Литмир - Электронная Библиотека
Содержание  
A
A

— Ура! — крикнула Тусси. — Теперь я понимаю, почему Мэмэ и Мавр избрали для свадебного путешествия именно Пфальц.

— Дитя мое, — шутливо-наставительно и одновременно с гордостью за друзей заметил Энгельс, — твои родители с молодых лет не только весьма просвещенные люди, но и вкус у них всегда был отменный.

Минуту все помолчали. Потом Энгельс печально вздохнул:

— Ах, как давно это было! Пролетело двадцать лет…

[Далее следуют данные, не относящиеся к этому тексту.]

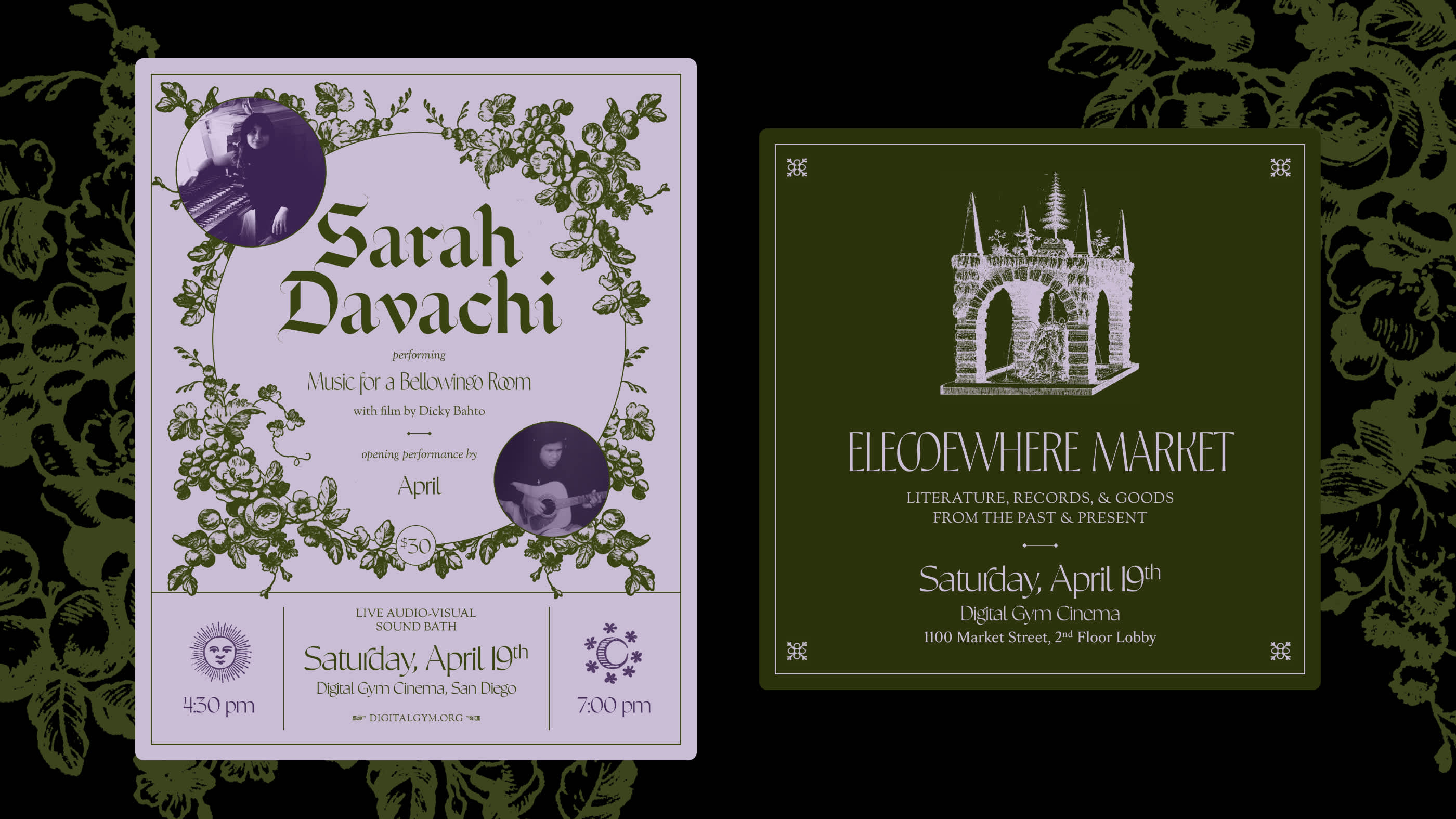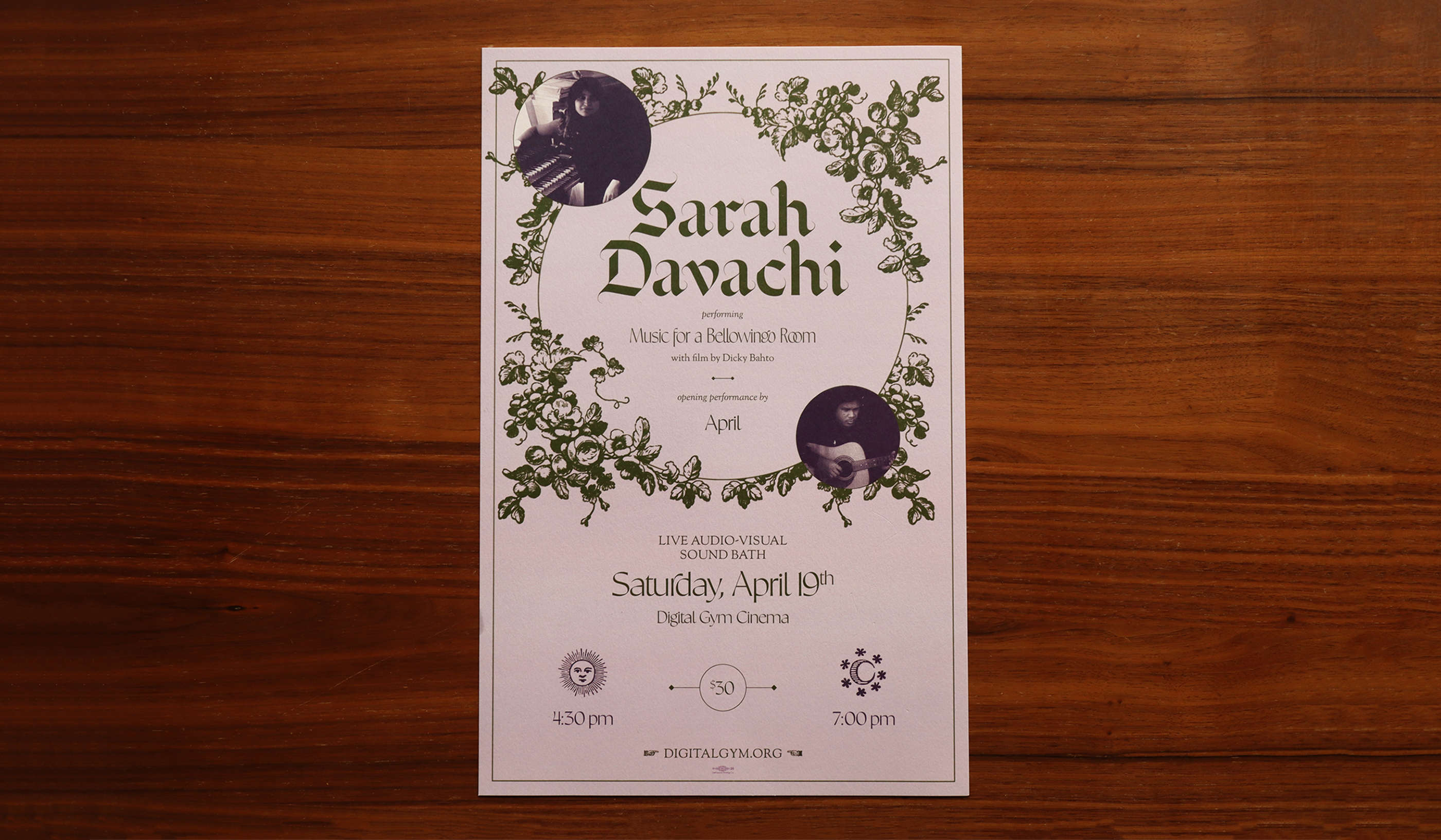 Poster design for a Sarah Davachi and April show at Digital Gym in San Diego, where Sarah performed her piece, Music for a Bellowing Room. Opening for Sarah, April, performed songs from their album, Webtape.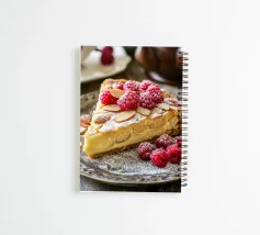 slice raspberries almonds powdered sugar pastry dessert plated plate nuts baked

Тусси, словно только теперь поняв, что Энгельс действительно не так уж молод, осторожно спросила:

— А твои товарищи по восстанию живы? Ты знаешь, кто из них где?

— Командир отряда Август Виллих жив. Он на десять лет старше меня. Значит, ему вот-вот стукнет шестьдесят.

— Как он?

— О, с ним мы хлебнули горюшка! — Энгельс на мгновение даже зажмурился словно от слишком резкого света. — Видишь ли, Тусси, люди имеют свойство меняться, и притом порой очень быстро и глубоко.

— Твой командир отошел от революции, стал заурядным бюргером?

— Нет. В некотором смысле даже наоборот; ему не терпелось продолжать революцию любой ценой, несмотря на то что революционная ситуация полностью себя исчерпала. Он впал в сектантство, заразился авантюризмом. Прошло немногим больше года после баденско-пфальцского восстания, как он стал обвинять Маркса в том, что мы слишком дорожим своим покоем, что мы трусы…

— Мавр трус?! Ты трус?! — возмущенно выпалила Тусси.

— Однажды дело дошло до дуэли. Наш благородный и бесстрашный друг Конрад Шрамм не вытерпел оскорбительных выпадов Виллиха против нас и бросил ему вызов.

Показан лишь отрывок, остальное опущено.